My voice

Giving back to Kathmandu

August 30, 2016 23:45 PM Shradha Shrestha


Behind that shiny glass of a Volkswagen, a handsome face popped out. Seconds later a can of Coke was hurled out of the car’s window down to a nearby footpath. The man must have been quite rich, obviously because he drives a Volkswagen, and from what I could notice, he looked educated as well. And my imaginative head took him up as the kind of rich and educated man who keeps complaining about our government and lashes out on Nepali leaders for ruining the nation.

Behind that facade of education and wealth lied the hidden answer behind why Kathmandu is nicknamed “Phohor-Mandu”. It speaks of the reality that we’ve turned Kathmandu into what it’s today.

I am a Kathmandu native and many generations of my family have lived here. I have grown up with Kathmandu. When I was a kid, Kathmandu was the heart of Nepal. It was a big city with small houses and few people. It was like living in a neighborhood where everyone knew everyone.

And then people started to downpour here from all over Nepal. The overpopulation led Kathmandu to become what it is now, a dust bowl. I am not blaming the migrants. If I was born outside of the valley, I would have been eventually tempted to migrate to the capital. Not migrating to Kathmandu isn’t an option anymore. Even when the valley is so jammed up, people haven’t stopped coming here.

However, I see so many people busy complaining about Kathmandu. They compare it to their home towns. I have heard all sorts of dialogues: how Kathmandu makes people mean and selfish, how their village folks are kinder, how dirty Kathmandu is, how filthy Kathmandu is, how polluted and populated Kathmandu is.

But who is responsible for making Kathmandu this way? Aren’t all of us? We created our own storm and now we are upset after it rained. The government also did a bad job by depriving the rest of the nation while centralizing all the resources and facilities in the capital. But does that give us a right to complain about a place that has given us so much in return. Today we are doing clearly nothing more than playing victim to the circumstances we created.
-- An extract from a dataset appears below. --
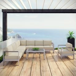 Sunny salutations from the Modway Shore Aluminum 7 Piece Patio Sectional Sofa Set, your answer to nature’s vagaries and your own need for outdoor relaxation. Anodized aluminum forms the extra-strong frames. Cushions have removable, machine washable covers in your choice of color, and you’ll appreciate their softness and ability to resist fading and moisture. The coffee table has a planked top of faux wood in gray. This modular set can be rearranged over and over to suit your fancy, with seating for up to eight of your closest friends and family.

As American motivational speaker Jeff Gitomore once said, “Blaming others for your problems is like blaming donuts for being fat. It wasn’t the donut, it was the choice.”
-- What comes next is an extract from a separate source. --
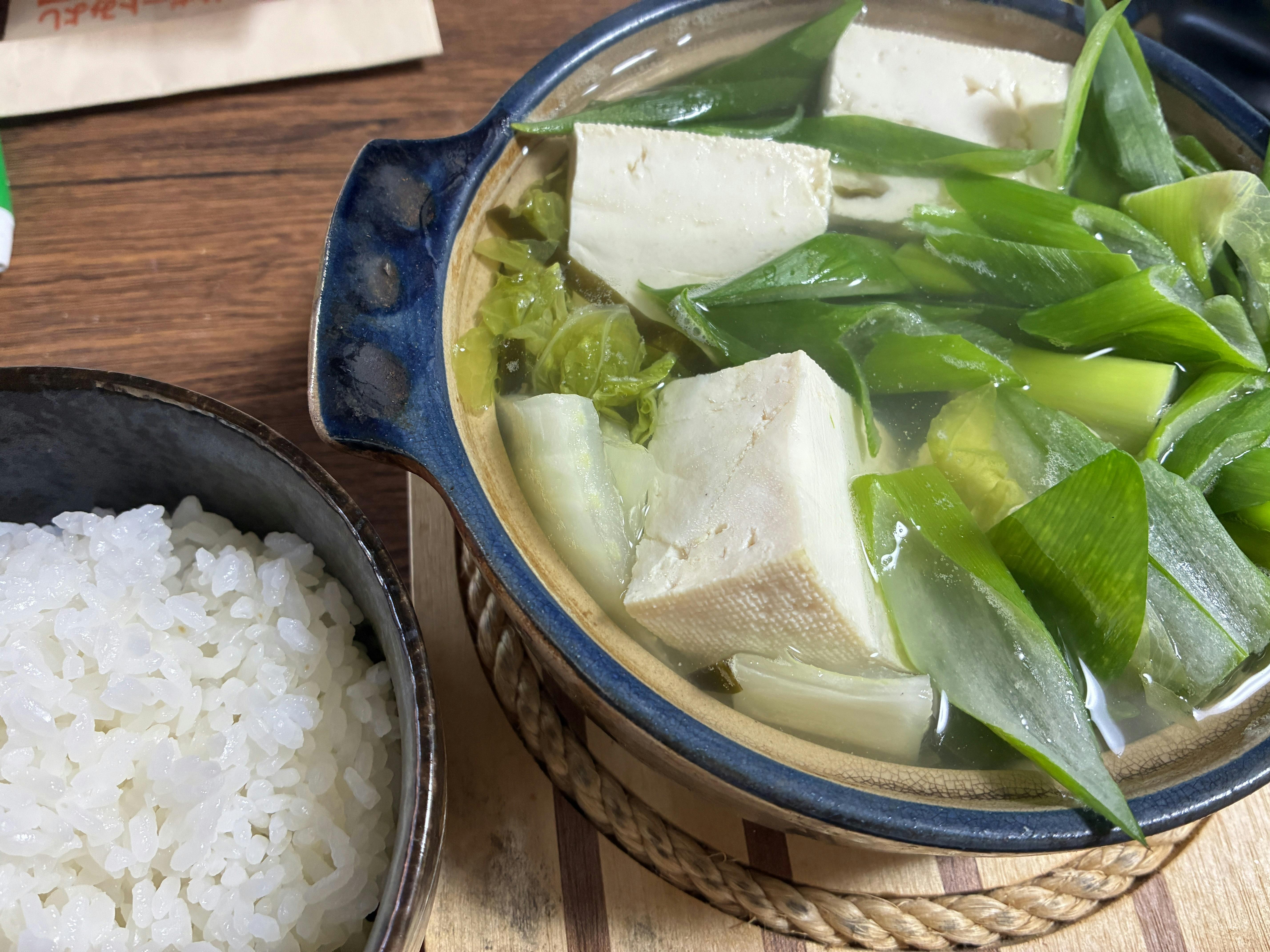 もらった葱の白いところは惣菜に、私は緑のところが意外と好きまかない飯鍋に#花笑カフェ #安田マルシェ #まかない飯 #鍋 #葱

It was our choice to throw the Coke cans from our cars. It was our choice to have paan and spit it out on the road. It was our choice to throw the black smoke out of our vehicles. It was our choice to be mean to our neighbors. It was our choice to pollute every place we visit and leave our garbage as souvenirs.  It was our choice to never clean up the mess that we created. It was our choice to make Kathmandu how it is today.

We are avoiding the truth that we are the crowd we have been complaining all along. We are the crowd that damaged Kathmandu. So, instead of criticizing a place that has given us so much in return, maybe we should use that time to strengthen our civic sense and initiate actions even at a personal level to give back to Kathmandu. If we do so, who knows in the next few years we can be the crowd that built a model city. Heaven is a myth, Kathmandu is real! Let’s make it that way.

Shraddha is an undergraduate student at Prime College.